■ Aim of the task ■
Copy every record exactly, and keep the pictures out.

■ Excerpts from a dataset ■
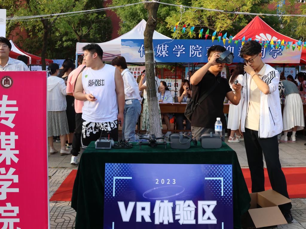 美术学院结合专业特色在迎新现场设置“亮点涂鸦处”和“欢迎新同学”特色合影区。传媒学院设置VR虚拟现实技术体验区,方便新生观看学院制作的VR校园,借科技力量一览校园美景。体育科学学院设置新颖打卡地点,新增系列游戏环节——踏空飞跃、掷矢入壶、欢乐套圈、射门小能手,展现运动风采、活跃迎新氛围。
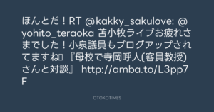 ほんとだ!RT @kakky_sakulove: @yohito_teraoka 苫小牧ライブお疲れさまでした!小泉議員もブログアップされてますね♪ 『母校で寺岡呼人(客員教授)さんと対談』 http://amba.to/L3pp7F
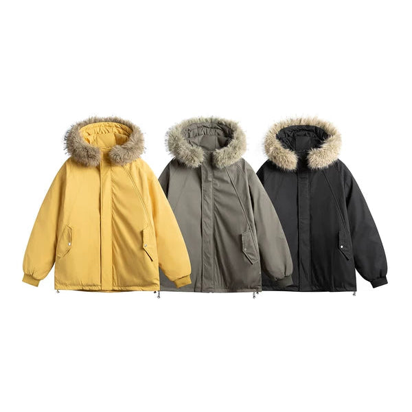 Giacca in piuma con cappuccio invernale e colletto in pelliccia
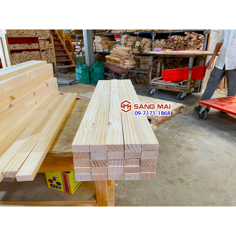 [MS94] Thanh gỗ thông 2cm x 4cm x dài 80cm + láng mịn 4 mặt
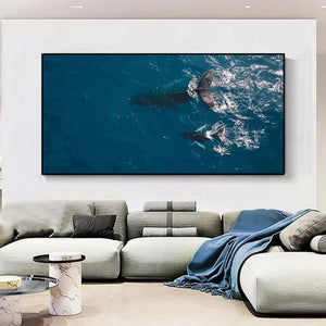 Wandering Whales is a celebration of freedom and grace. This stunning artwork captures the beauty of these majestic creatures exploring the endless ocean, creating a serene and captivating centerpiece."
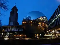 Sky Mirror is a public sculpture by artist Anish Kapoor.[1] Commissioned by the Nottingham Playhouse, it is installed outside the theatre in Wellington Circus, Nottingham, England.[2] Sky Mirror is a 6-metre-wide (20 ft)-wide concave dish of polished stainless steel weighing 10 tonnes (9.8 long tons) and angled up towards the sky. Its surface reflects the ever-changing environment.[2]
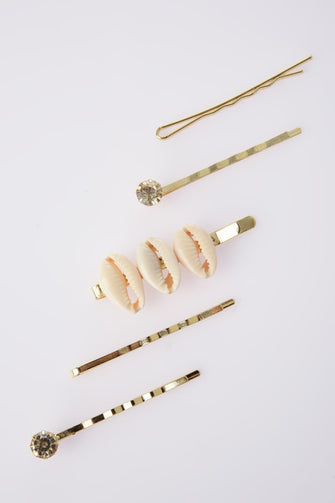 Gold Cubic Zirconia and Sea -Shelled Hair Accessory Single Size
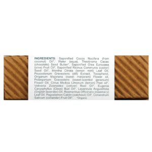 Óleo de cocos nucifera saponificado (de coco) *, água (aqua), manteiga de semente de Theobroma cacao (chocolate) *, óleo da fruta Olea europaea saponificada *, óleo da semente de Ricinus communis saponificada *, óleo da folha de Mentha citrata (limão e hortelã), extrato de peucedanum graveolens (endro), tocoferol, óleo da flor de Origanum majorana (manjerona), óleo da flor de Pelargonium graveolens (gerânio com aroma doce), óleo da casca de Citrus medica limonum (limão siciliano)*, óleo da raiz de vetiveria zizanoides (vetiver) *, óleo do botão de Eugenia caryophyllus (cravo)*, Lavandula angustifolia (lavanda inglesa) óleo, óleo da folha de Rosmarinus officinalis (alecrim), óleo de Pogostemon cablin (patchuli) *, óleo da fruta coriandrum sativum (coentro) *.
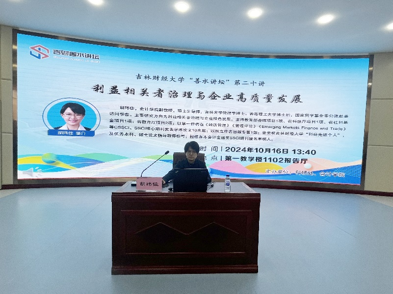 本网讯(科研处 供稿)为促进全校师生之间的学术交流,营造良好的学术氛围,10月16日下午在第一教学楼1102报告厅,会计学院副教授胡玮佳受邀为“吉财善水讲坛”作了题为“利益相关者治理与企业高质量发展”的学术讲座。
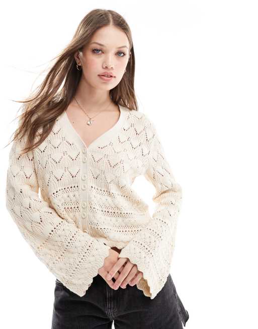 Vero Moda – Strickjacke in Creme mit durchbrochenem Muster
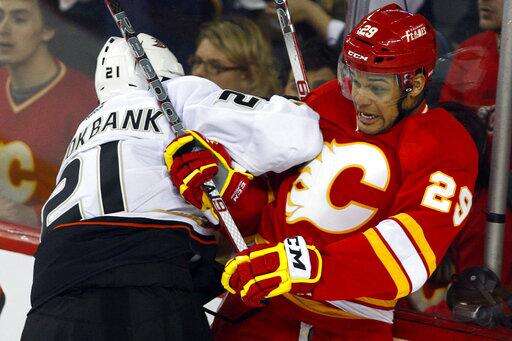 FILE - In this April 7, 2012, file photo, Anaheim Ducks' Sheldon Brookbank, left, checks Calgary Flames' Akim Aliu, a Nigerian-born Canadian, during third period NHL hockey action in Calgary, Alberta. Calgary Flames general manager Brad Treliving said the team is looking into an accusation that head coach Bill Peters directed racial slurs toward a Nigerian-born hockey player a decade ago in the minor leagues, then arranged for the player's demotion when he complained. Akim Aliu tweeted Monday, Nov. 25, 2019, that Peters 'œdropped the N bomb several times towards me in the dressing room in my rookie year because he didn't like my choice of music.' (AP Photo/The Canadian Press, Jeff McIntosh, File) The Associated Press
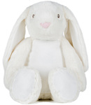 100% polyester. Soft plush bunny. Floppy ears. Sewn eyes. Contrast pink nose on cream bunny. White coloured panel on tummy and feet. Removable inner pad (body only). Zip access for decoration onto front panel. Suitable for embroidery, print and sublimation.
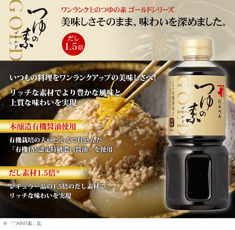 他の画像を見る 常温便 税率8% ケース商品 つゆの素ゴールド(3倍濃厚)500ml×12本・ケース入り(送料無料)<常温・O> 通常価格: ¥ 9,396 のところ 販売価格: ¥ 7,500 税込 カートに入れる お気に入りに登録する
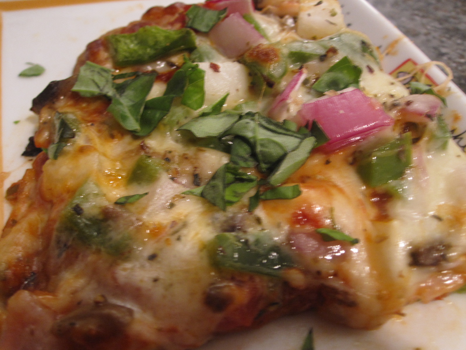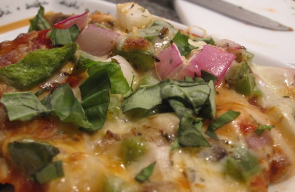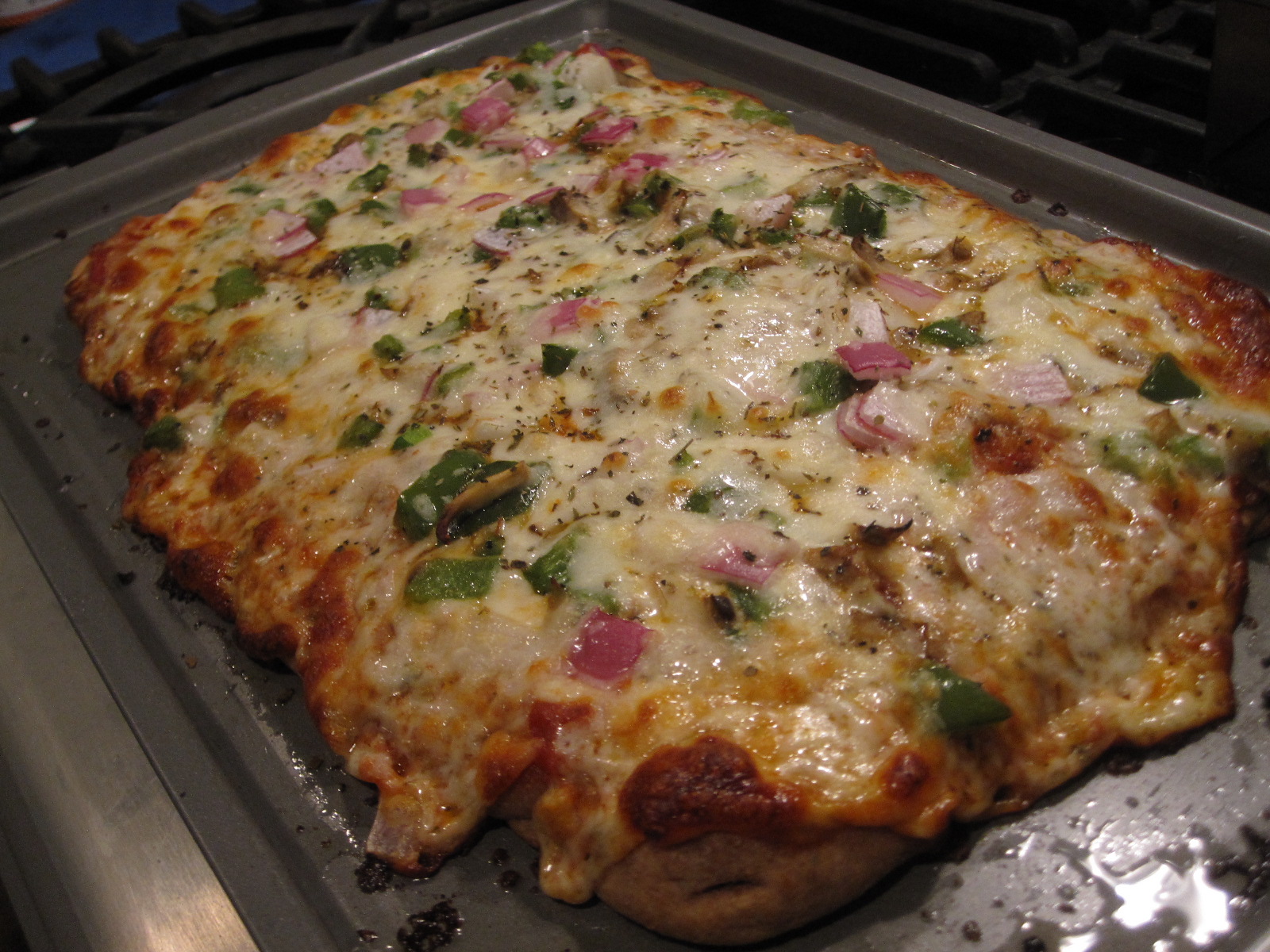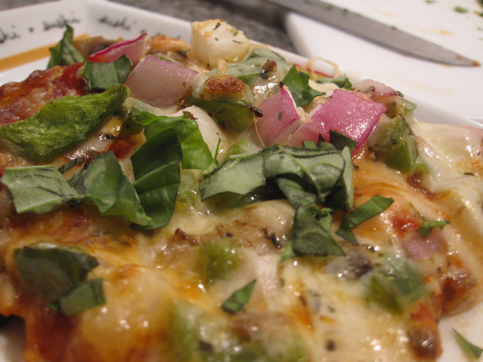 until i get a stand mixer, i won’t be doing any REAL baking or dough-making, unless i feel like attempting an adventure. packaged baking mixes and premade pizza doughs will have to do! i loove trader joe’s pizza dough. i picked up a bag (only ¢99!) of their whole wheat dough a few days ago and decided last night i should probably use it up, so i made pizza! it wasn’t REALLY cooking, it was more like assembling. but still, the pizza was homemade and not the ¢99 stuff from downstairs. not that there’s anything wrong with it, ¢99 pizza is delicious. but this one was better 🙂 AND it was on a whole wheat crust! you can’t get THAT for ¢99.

■ Output for this task ■
 美术学院结合专业特色在迎新现场设置“亮点涂鸦处”和“欢迎新同学”特色合影区。传媒学院设置VR虚拟现实技术体验区,方便新生观看学院制作的VR校园,借科技力量一览校园美景。体育科学学院设置新颖打卡地点,新增系列游戏环节——踏空飞跃、掷矢入壶、欢乐套圈、射门小能手,展现运动风采、活跃迎新氛围。
 ほんとだ!RT @kakky_sakulove: @yohito_teraoka 苫小牧ライブお疲れさまでした!小泉議員もブログアップされてますね♪ 『母校で寺岡呼人(客員教授)さんと対談』 http://amba.to/L3pp7F
 Giacca in piuma con cappuccio invernale e colletto in pelliccia
 [MS94] Thanh gỗ thông 2cm x 4cm x dài 80cm + láng mịn 4 mặt
 Wandering Whales is a celebration of freedom and grace. This stunning artwork captures the beauty of these majestic creatures exploring the endless ocean, creating a serene and captivating centerpiece."
 Sky Mirror is a public sculpture by artist Anish Kapoor.[1] Commissioned by the Nottingham Playhouse, it is installed outside the theatre in Wellington Circus, Nottingham, England.[2] Sky Mirror is a 6-metre-wide (20 ft)-wide concave dish of polished stainless steel weighing 10 tonnes (9.8 long tons) and angled up towards the sky. Its surface reflects the ever-changing environment.[2]
 Gold Cubic Zirconia and Sea -Shelled Hair Accessory Single Size
 Óleo de cocos nucifera saponificado (de coco) *, água (aqua), manteiga de semente de Theobroma cacao (chocolate) *, óleo da fruta Olea europaea saponificada *, óleo da semente de Ricinus communis saponificada *, óleo da folha de Mentha citrata (limão e hortelã), extrato de peucedanum graveolens (endro), tocoferol, óleo da flor de Origanum majorana (manjerona), óleo da flor de Pelargonium graveolens (gerânio com aroma doce), óleo da casca de Citrus medica limonum (limão siciliano)*, óleo da raiz de vetiveria zizanoides (vetiver) *, óleo do botão de Eugenia caryophyllus (cravo)*, Lavandula angustifolia (lavanda inglesa) óleo, óleo da folha de Rosmarinus officinalis (alecrim), óleo de Pogostemon cablin (patchuli) *, óleo da fruta coriandrum sativum (coentro) *.
 本网讯(科研处 供稿)为促进全校师生之间的学术交流,营造良好的学术氛围,10月16日下午在第一教学楼1102报告厅,会计学院副教授胡玮佳受邀为“吉财善水讲坛”作了题为“利益相关者治理与企业高质量发展”的学术讲座。
 Vero Moda – Strickjacke in Creme mit durchbrochenem Muster
 FILE - In this April 7, 2012, file photo, Anaheim Ducks' Sheldon Brookbank, left, checks Calgary Flames' Akim Aliu, a Nigerian-born Canadian, during third period NHL hockey action in Calgary, Alberta. Calgary Flames general manager Brad Treliving said the team is looking into an accusation that head coach Bill Peters directed racial slurs toward a Nigerian-born hockey player a decade ago in the minor leagues, then arranged for the player's demotion when he complained. Akim Aliu tweeted Monday, Nov. 25, 2019, that Peters 'œdropped the N bomb several times towards me in the dressing room in my rookie year because he didn't like my choice of music.' (AP Photo/The Canadian Press, Jeff McIntosh, File) The Associated Press
 100% polyester. Soft plush bunny. Floppy ears. Sewn eyes. Contrast pink nose on cream bunny. White coloured panel on tummy and feet. Removable inner pad (body only). Zip access for decoration onto front panel. Suitable for embroidery, print and sublimation.
 他の画像を見る 常温便 税率8% ケース商品 つゆの素ゴールド(3倍濃厚)500ml×12本・ケース入り(送料無料)<常温・O> 通常価格: ¥ 9,396 のところ 販売価格: ¥ 7,500 税込 カートに入れる お気に入りに登録する
 until i get a stand mixer, i won’t be doing any REAL baking or dough-making, unless i feel like attempting an adventure. packaged baking mixes and premade pizza doughs will have to do! i loove trader joe’s pizza dough. i picked up a bag (only ¢99!) of their whole wheat dough a few days ago and decided last night i should probably use it up, so i made pizza! it wasn’t REALLY cooking, it was more like assembling. but still, the pizza was homemade and not the ¢99 stuff from downstairs. not that there’s anything wrong with it, ¢99 pizza is delicious. but this one was better 🙂 AND it was on a whole wheat crust! you can’t get THAT for ¢99.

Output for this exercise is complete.